Data to process:
○ ○ ○ ○ ○ ○ ○
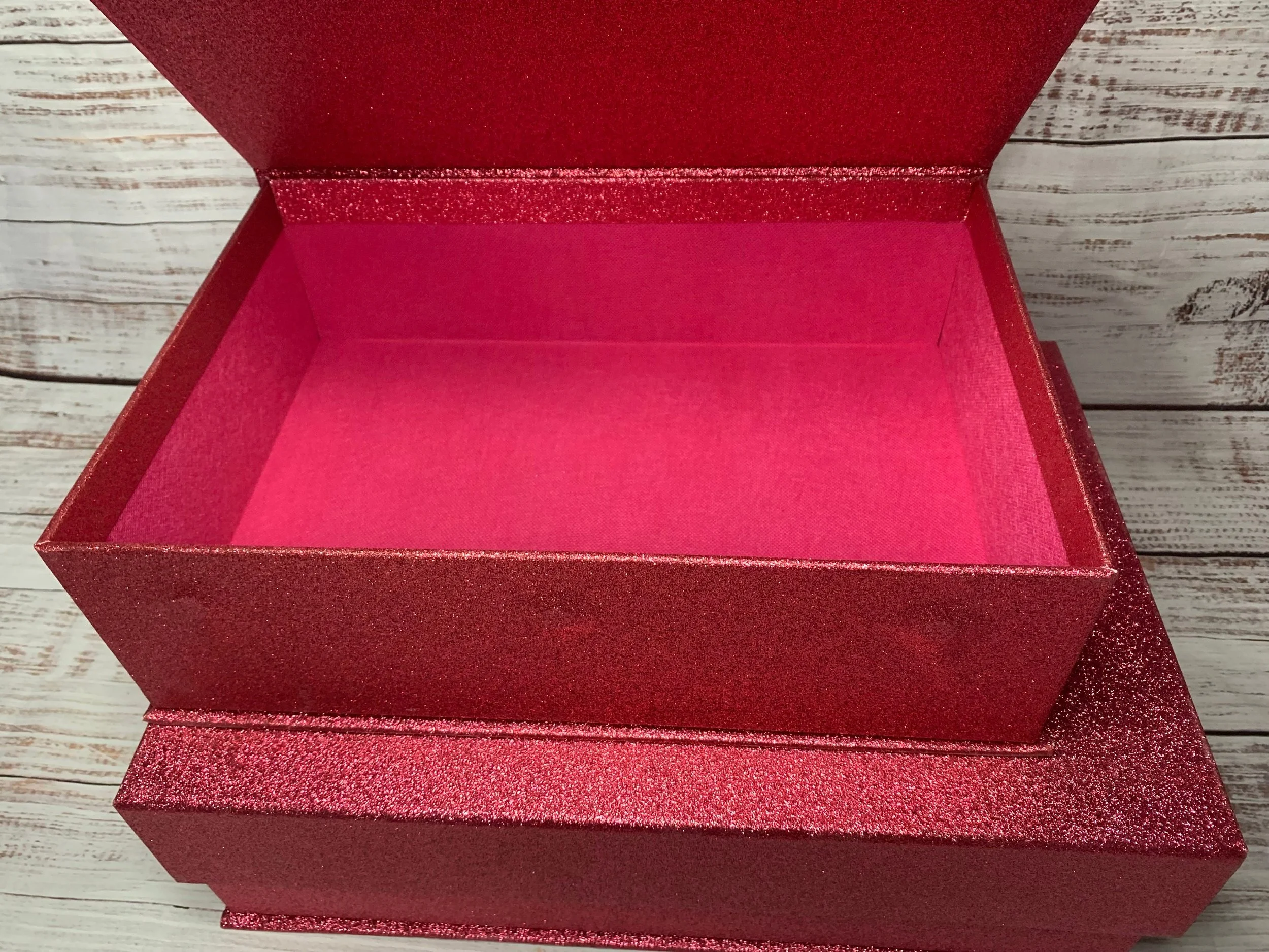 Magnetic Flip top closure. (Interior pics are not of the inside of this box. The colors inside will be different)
○ ○ ○ ○ ○ ○ ○
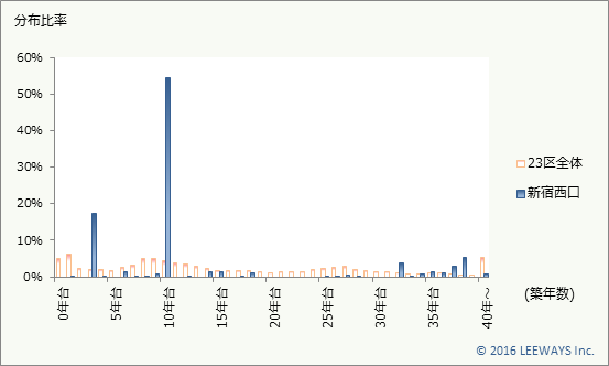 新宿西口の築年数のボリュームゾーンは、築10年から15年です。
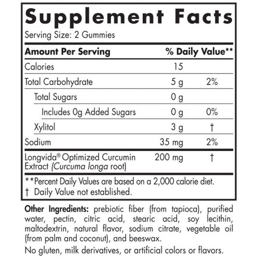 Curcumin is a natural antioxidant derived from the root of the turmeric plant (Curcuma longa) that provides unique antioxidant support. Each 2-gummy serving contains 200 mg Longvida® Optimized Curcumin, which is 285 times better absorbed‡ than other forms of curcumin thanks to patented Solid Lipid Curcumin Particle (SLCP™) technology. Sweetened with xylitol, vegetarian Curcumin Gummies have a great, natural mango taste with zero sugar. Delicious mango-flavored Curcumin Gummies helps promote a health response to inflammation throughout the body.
○ ○ ○ ○ ○ ○ ○
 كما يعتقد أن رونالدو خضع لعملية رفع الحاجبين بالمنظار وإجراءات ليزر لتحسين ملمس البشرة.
○ ○ ○ ○ ○ ○ ○
Assigned task:
Give again, exactly as written above, each line from the one that has "新宿西口の築年数のボリュームゾーンは、築10年から15年です。" to the one that has "Curcumin is a", both included; omit the pictures.

Output for this task:
 新宿西口の築年数のボリュームゾーンは、築10年から15年です。
 Curcumin is a natural antioxidant derived from the root of the turmeric plant (Curcuma longa) that provides unique antioxidant support. Each 2-gummy serving contains 200 mg Longvida® Optimized Curcumin, which is 285 times better absorbed‡ than other forms of curcumin thanks to patented Solid Lipid Curcumin Particle (SLCP™) technology. Sweetened with xylitol, vegetarian Curcumin Gummies have a great, natural mango taste with zero sugar. Delicious mango-flavored Curcumin Gummies helps promote a health response to inflammation throughout the body.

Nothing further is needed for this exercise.